Provided data
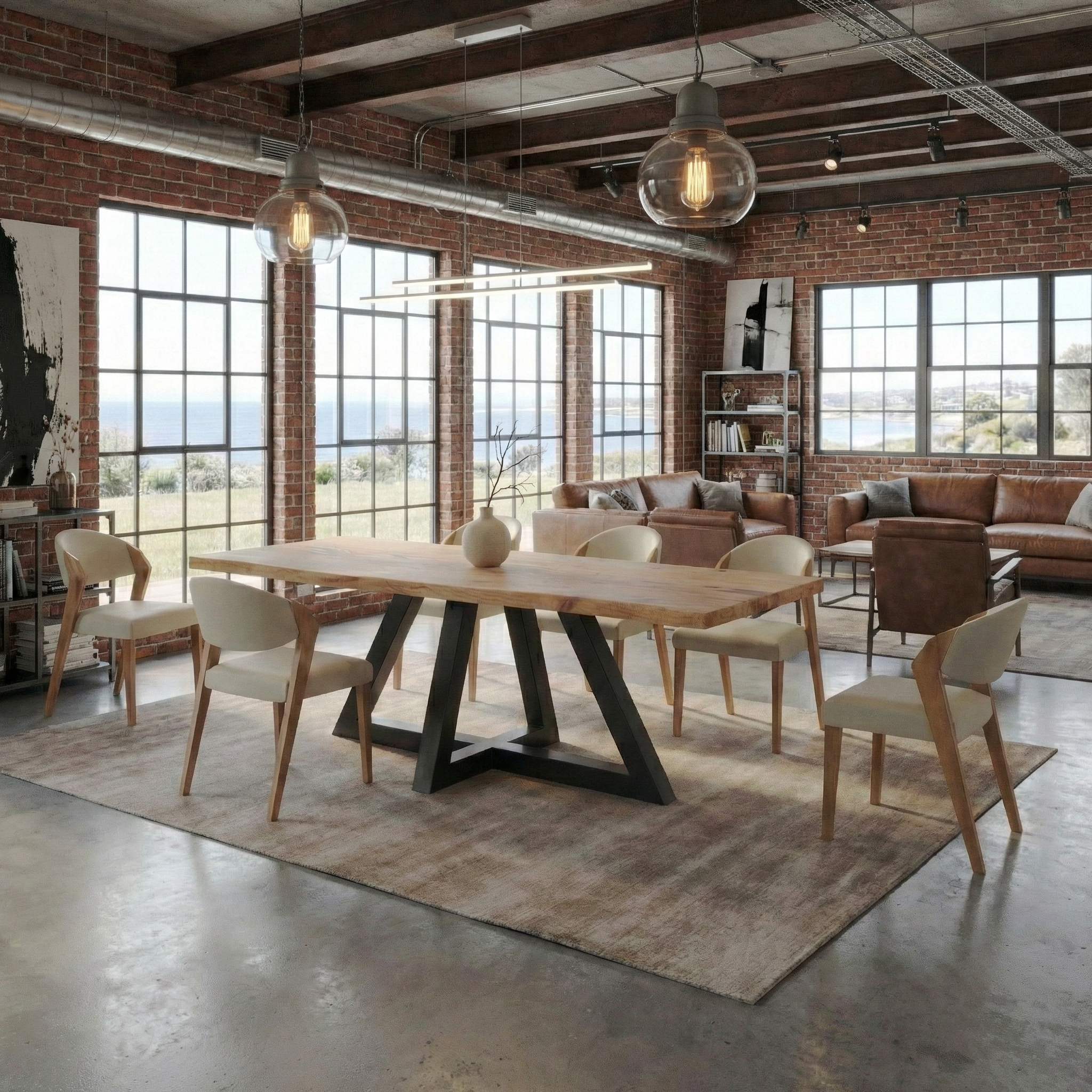 Brigg Dining Table Rustic Solid Wood Triangle Steel Base Industrial Rustic Wood
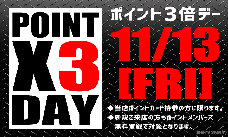 11/13(金)は毎月恒例の“ポイント3倍デー”です♫
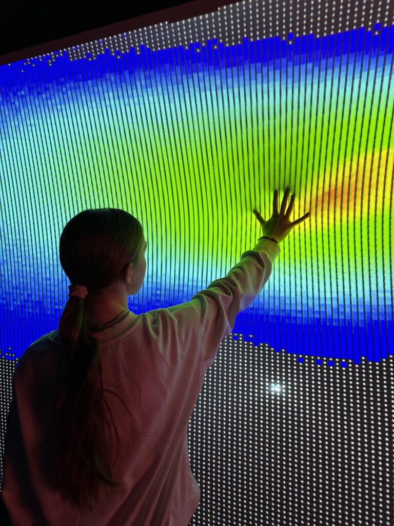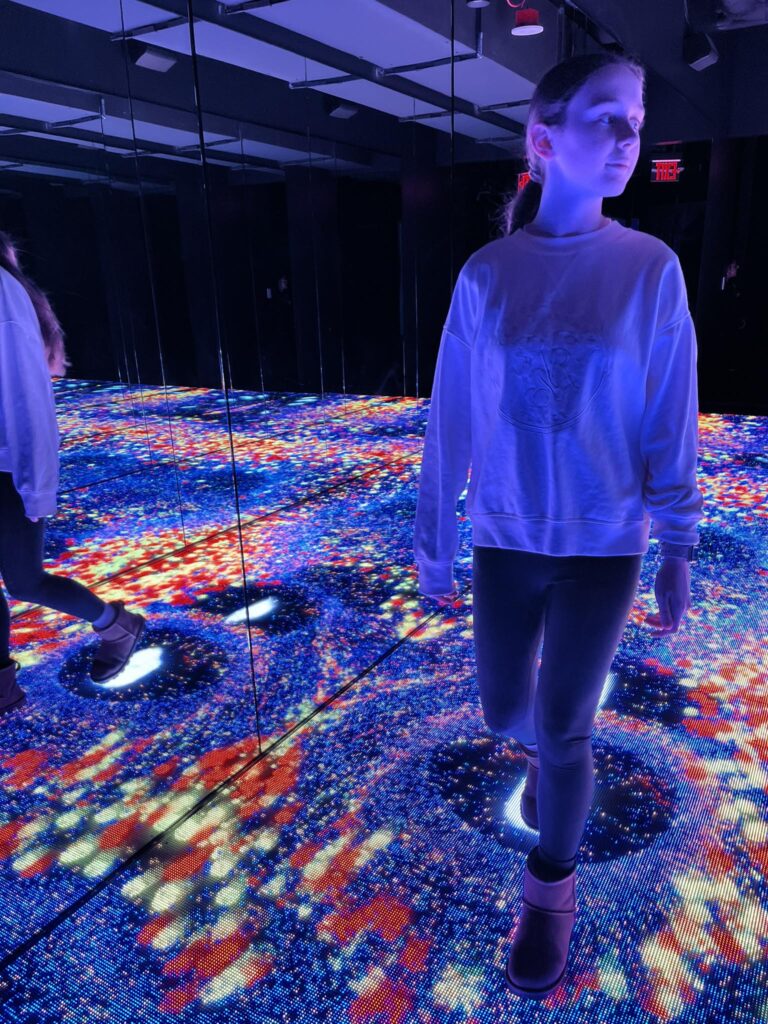 Other areas that stood out was the immersive theatre, showing projections of interactive lights on three walls and the floor along with “colour and light” where we were surrounded by every colour of the rainbow.
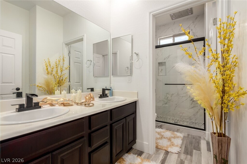 Spacious and highly upgraded 3-bedroom home with modern finishes throughout. Step inside to an open-concept floor plan that seamlessly connects the kitchen, dining area, and family room—perfect for everyday living and entertaining. The kitchen features a large island, stylish backsplash, and a huge walk-in pantry offering plenty of storage. Upstairs you'll find a versatile loft, two guest bedrooms, a guest bathroom, laundry room, and the primary suite. Luxury vinyl plank flooring runs throughout the upstairs along with beautifully upgraded bathrooms. The primary suite includes a custom spa-like bathroom designed for relaxation. Additional upgrades include a water softener and numerous custom touches throughout. Enjoy a large backyard with easy-maintenance landscaping and no rear neighbor, providing added privacy. A well-designed home combining space, upgrades, and functionality in a great setting.
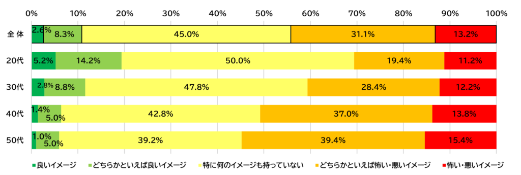 【1】若年層ほど好意的または中立的なイメージが多く、20代では約7割に到達
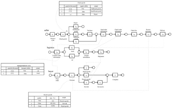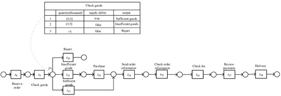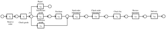 Data are crucial for the operation of the processes. If we only consider the control flow of the process and ignore the data, it may lead to premature termination, incorrect route selection, deadlocks, and so on. Figure 1 shows a seller’s sales process. Figure 1 is a real-life process design about the seller’s sales process, which is independent of event logs. If there are real-life logs, they can be mined using mining tools. The common mining algorithms include the algorithm [29], heuristic mining algorithm [30], genetic process mining [31], inductive mining [32], etc. The process begins with receiving the order and then checking the goods. There are three options, namely direct rejection, insufficient goods, and sufficient goods, and subsequent activities include sending order information, checking order information, checking the fee, checking payments, and delivery.
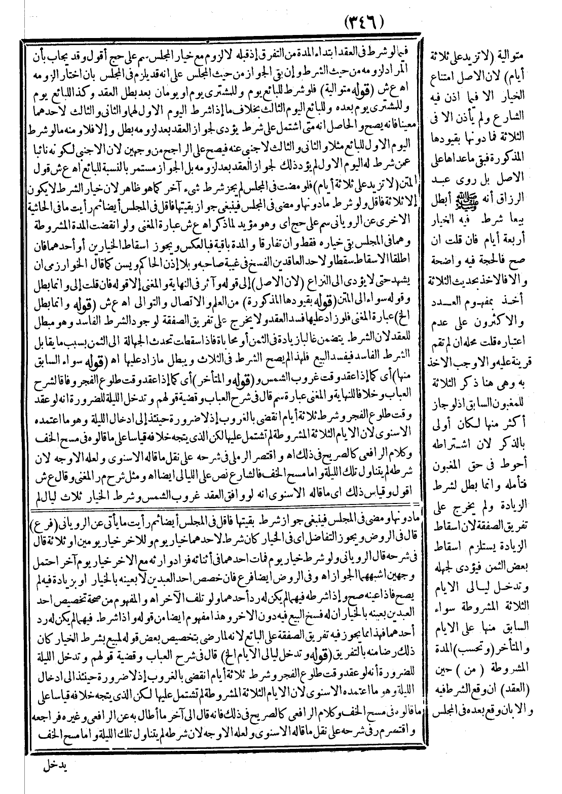 وَذَلِكَ لِأَنَّ الْمَحْذُورَ إضْرَارُ الْمُوَكِّلِ وَهُوَ حَاصِلٌ بِشَرْطِهِ وَسُكُوتِهِ كَمَا هُوَ وَاضِحٌ وَاعْلَمْ أَنَّ خِيَارَ الْمَجْلِسِ وَالشَّرْطِ مُتَلَازِمَانِ غَالِبًا قَدْ يَثْبُتُ ذَاكَ لَا هَذَا وَلَا عَكْسَ كَمَا أَفَادَهُ قَوْلُهُ (إلَّا أَنْ يَشْتَرِطَ الْقَبْضَ فِي الْمَجْلِسِ) مِنْ الْجَانِبَيْنِ (كَرِبَوِيٍّ) أَوْ مِنْ أَحَدِهِمَا كَإِجَارَةِ ذِمَّةٍ بِنَاءً عَلَى الضَّعِيفِ أَنَّ خِيَارَ الْمَجْلِسِ يَثْبُتُ فِيهَا (وَسَلَمٍ) لِامْتِنَاعِ التَّأْجِيلِ فِيهِمَا، وَالْخِيَارُ لِمَنْعِهِ الْمِلْكَ أَوْ لُزُومِهِ أَعْظَمُ غَرَرًا مِنْهُ وَلَا يَجُوزُ شَرْطُهُ أَيْضًا فِي شِرَاءِ مَنْ يَعْتِقُ عَلَيْهِ لِلْمُشْتَرِي وَحْدَهُ لِاسْتِلْزَامِهِ الْمِلْكَ لَهُ الْمُسْتَلْزِمَ لِعِتْقِهِ الْمَانِعَ مِنْ الْخِيَارِ وَمَا أَدَّى ثُبُوتُهُ لِعَدَمِهِ كَانَ بَاطِلًا مِنْ أَصْلِهِ بِخِلَافِ شَرْطِهِ لَهُمَا لِوَقْفِهِ أَوْ لِلْبَائِعِ لِأَنَّ الْمِلْكَ لَهُ كَمَا يَأْتِي وَلَا فِي الْبَيْعِ الضِّمْنِيِّ وَلَا فِيمَا يَتَسَارَعُ إلَيْهِ الْفَسَادُ فِي الْمُدَّةِ الْمَشْرُوطَةِ لِأَنَّ قَضِيَّةَ الْخِيَارِ التَّوَقُّفُ عَنْ التَّصَرُّفِ فِيهِ فَيُؤَدِّي لِضَيَاعِ مَالِيَّتِهِ وَلَا ثَلَاثًا لِلْبَائِعِ فِي الْمُصَرَّاةِ لِأَدَائِهِ لِمَنْعِ الْحَلْبِ الْمُضِرِّ بِهَا، وَطَرْدُ الْأَذْرَعِيِّ لَهُ فِي كُلِّ حَلُوبٍ يُرَدُّ بِأَنَّهُ لَا دَاعِيَ هُنَا لِعَدَمِ الْحَلْبِ بِخِلَافِهِ ثَمَّ فَإِنَّ تَرْوِيجَهُ لِلتَّصْرِيَةِ الَّتِي قَصَدَهَا بِمَنْعِهِ مِنْ الْحَلْبِ وَإِنْ كَانَ اللَّبَنُ مِلْكَهُ وَيَظْهَرُ أَنَّ شَرْطَهُ فِيهَا لَهُمَا كَذَلِكَ وَأَنَّ مِثْلَ الثَّلَاثِ مَا قَارَبَهَا مِمَّا مِنْ شَأْنِهِ أَنْ يَضُرَّ بِهَا فَإِنْ قُلْتَ كَيْفَ يَعْلَمُ الْمُشْتَرِي تَصْرِيَتَهَا حَتَّى يَمْتَنِعَ عَلَيْهِ شَرْطُ ذَلِكَ لِلْبَائِعِ أَوْ يُوَافِقُهُ عَلَيْهِ قُلْت يُحْمَلُ ذَلِكَ عَلَى مَا إذَا ظَنَّ التَّصْرِيَةَ وَلَمْ يَتَحَقَّقْهَا أَوْ الْمُرَادُ أَنَّ إثْمَ ذَلِكَ يَخْتَصُّ بِالْبَائِعِ أَوْ أَنَّ بِظُهُورِ التَّصْرِيَةِ يَتَبَيَّنُ فَسَادُ الْخِيَارِ وَمَا يَتَرَتَّبُ عَلَيْهِ مِنْ فَسْخٍ أَوْ إجَازَةٍ وَلَوْ تَكَرَّرَ بَيْعُ كَافِرٍ لِقِنِّهِ الْمُسْلِمِ بِشَرْطِ الْخِيَارِ
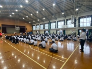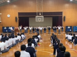 体育大会に向けて、1年生から3年生までの赤団が体育館に集まり団長を中心に結団式が行われました。そのときの様子です。
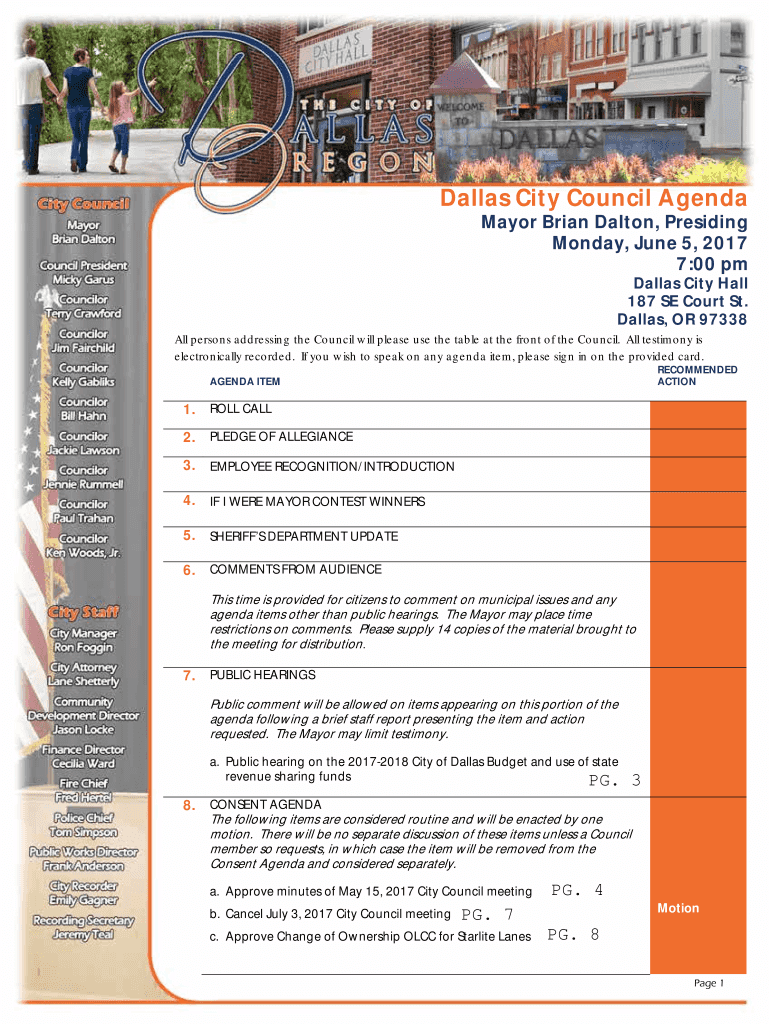 Dallas, OR 97338All persons addressing the Council will please use the table
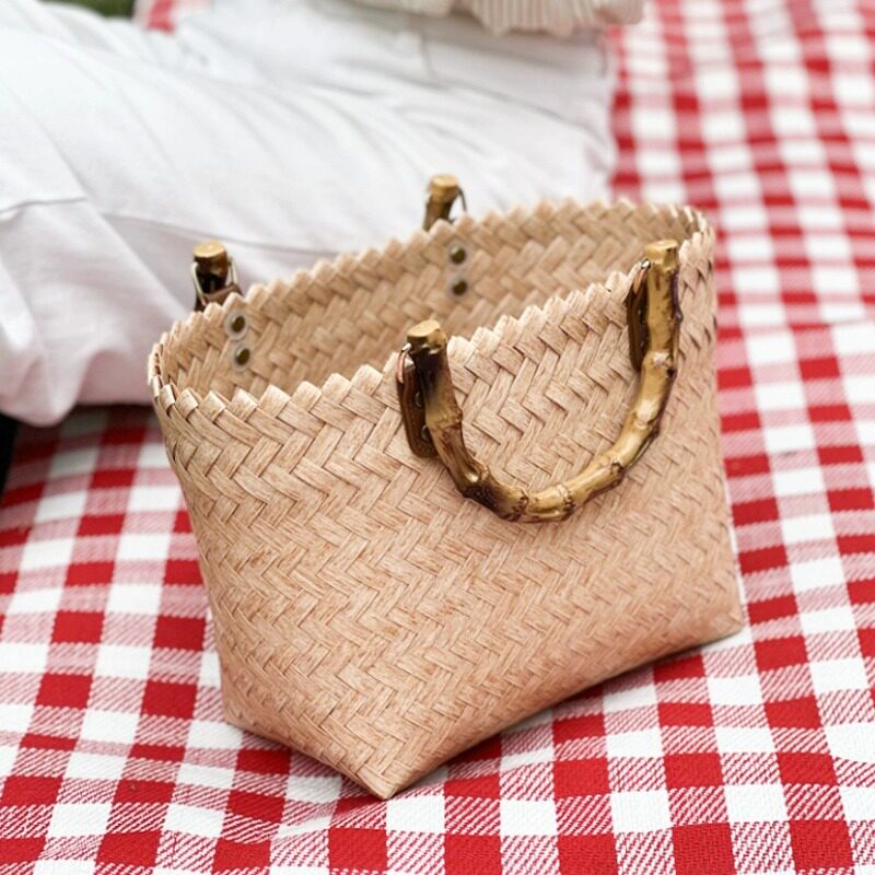 Пляжная ретро сумка для отдыха, универсальная бамбуковая корзина

Exercise requirements
From the first record to the last, print everything again exactly, without pictures.

Output below
 Brigg Dining Table Rustic Solid Wood Triangle Steel Base Industrial Rustic Wood
 11/13(金)は毎月恒例の“ポイント3倍デー”です♫
 Other areas that stood out was the immersive theatre, showing projections of interactive lights on three walls and the floor along with “colour and light” where we were surrounded by every colour of the rainbow.
 Spacious and highly upgraded 3-bedroom home with modern finishes throughout. Step inside to an open-concept floor plan that seamlessly connects the kitchen, dining area, and family room—perfect for everyday living and entertaining. The kitchen features a large island, stylish backsplash, and a huge walk-in pantry offering plenty of storage. Upstairs you'll find a versatile loft, two guest bedrooms, a guest bathroom, laundry room, and the primary suite. Luxury vinyl plank flooring runs throughout the upstairs along with beautifully upgraded bathrooms. The primary suite includes a custom spa-like bathroom designed for relaxation. Additional upgrades include a water softener and numerous custom touches throughout. Enjoy a large backyard with easy-maintenance landscaping and no rear neighbor, providing added privacy. A well-designed home combining space, upgrades, and functionality in a great setting.
 【1】若年層ほど好意的または中立的なイメージが多く、20代では約7割に到達
 Data are crucial for the operation of the processes. If we only consider the control flow of the process and ignore the data, it may lead to premature termination, incorrect route selection, deadlocks, and so on. Figure 1 shows a seller’s sales process. Figure 1 is a real-life process design about the seller’s sales process, which is independent of event logs. If there are real-life logs, they can be mined using mining tools. The common mining algorithms include the algorithm [29], heuristic mining algorithm [30], genetic process mining [31], inductive mining [32], etc. The process begins with receiving the order and then checking the goods. There are three options, namely direct rejection, insufficient goods, and sufficient goods, and subsequent activities include sending order information, checking order information, checking the fee, checking payments, and delivery.
 وَذَلِكَ لِأَنَّ الْمَحْذُورَ إضْرَارُ الْمُوَكِّلِ وَهُوَ حَاصِلٌ بِشَرْطِهِ وَسُكُوتِهِ كَمَا هُوَ وَاضِحٌ وَاعْلَمْ أَنَّ خِيَارَ الْمَجْلِسِ وَالشَّرْطِ مُتَلَازِمَانِ غَالِبًا قَدْ يَثْبُتُ ذَاكَ لَا هَذَا وَلَا عَكْسَ كَمَا أَفَادَهُ قَوْلُهُ (إلَّا أَنْ يَشْتَرِطَ الْقَبْضَ فِي الْمَجْلِسِ) مِنْ الْجَانِبَيْنِ (كَرِبَوِيٍّ) أَوْ مِنْ أَحَدِهِمَا كَإِجَارَةِ ذِمَّةٍ بِنَاءً عَلَى الضَّعِيفِ أَنَّ خِيَارَ الْمَجْلِسِ يَثْبُتُ فِيهَا (وَسَلَمٍ) لِامْتِنَاعِ التَّأْجِيلِ فِيهِمَا، وَالْخِيَارُ لِمَنْعِهِ الْمِلْكَ أَوْ لُزُومِهِ أَعْظَمُ غَرَرًا مِنْهُ وَلَا يَجُوزُ شَرْطُهُ أَيْضًا فِي شِرَاءِ مَنْ يَعْتِقُ عَلَيْهِ لِلْمُشْتَرِي وَحْدَهُ لِاسْتِلْزَامِهِ الْمِلْكَ لَهُ الْمُسْتَلْزِمَ لِعِتْقِهِ الْمَانِعَ مِنْ الْخِيَارِ وَمَا أَدَّى ثُبُوتُهُ لِعَدَمِهِ كَانَ بَاطِلًا مِنْ أَصْلِهِ بِخِلَافِ شَرْطِهِ لَهُمَا لِوَقْفِهِ أَوْ لِلْبَائِعِ لِأَنَّ الْمِلْكَ لَهُ كَمَا يَأْتِي وَلَا فِي الْبَيْعِ الضِّمْنِيِّ وَلَا فِيمَا يَتَسَارَعُ إلَيْهِ الْفَسَادُ فِي الْمُدَّةِ الْمَشْرُوطَةِ لِأَنَّ قَضِيَّةَ الْخِيَارِ التَّوَقُّفُ عَنْ التَّصَرُّفِ فِيهِ فَيُؤَدِّي لِضَيَاعِ مَالِيَّتِهِ وَلَا ثَلَاثًا لِلْبَائِعِ فِي الْمُصَرَّاةِ لِأَدَائِهِ لِمَنْعِ الْحَلْبِ الْمُضِرِّ بِهَا، وَطَرْدُ الْأَذْرَعِيِّ لَهُ فِي كُلِّ حَلُوبٍ يُرَدُّ بِأَنَّهُ لَا دَاعِيَ هُنَا لِعَدَمِ الْحَلْبِ بِخِلَافِهِ ثَمَّ فَإِنَّ تَرْوِيجَهُ لِلتَّصْرِيَةِ الَّتِي قَصَدَهَا بِمَنْعِهِ مِنْ الْحَلْبِ وَإِنْ كَانَ اللَّبَنُ مِلْكَهُ وَيَظْهَرُ أَنَّ شَرْطَهُ فِيهَا لَهُمَا كَذَلِكَ وَأَنَّ مِثْلَ الثَّلَاثِ مَا قَارَبَهَا مِمَّا مِنْ شَأْنِهِ أَنْ يَضُرَّ بِهَا فَإِنْ قُلْتَ كَيْفَ يَعْلَمُ الْمُشْتَرِي تَصْرِيَتَهَا حَتَّى يَمْتَنِعَ عَلَيْهِ شَرْطُ ذَلِكَ لِلْبَائِعِ أَوْ يُوَافِقُهُ عَلَيْهِ قُلْت يُحْمَلُ ذَلِكَ عَلَى مَا إذَا ظَنَّ التَّصْرِيَةَ وَلَمْ يَتَحَقَّقْهَا أَوْ الْمُرَادُ أَنَّ إثْمَ ذَلِكَ يَخْتَصُّ بِالْبَائِعِ أَوْ أَنَّ بِظُهُورِ التَّصْرِيَةِ يَتَبَيَّنُ فَسَادُ الْخِيَارِ وَمَا يَتَرَتَّبُ عَلَيْهِ مِنْ فَسْخٍ أَوْ إجَازَةٍ وَلَوْ تَكَرَّرَ بَيْعُ كَافِرٍ لِقِنِّهِ الْمُسْلِمِ بِشَرْطِ الْخِيَارِ
 体育大会に向けて、1年生から3年生までの赤団が体育館に集まり団長を中心に結団式が行われました。そのときの様子です。
 Dallas, OR 97338All persons addressing the Council will please use the table
 Пляжная ретро сумка для отдыха, универсальная бамбуковая корзина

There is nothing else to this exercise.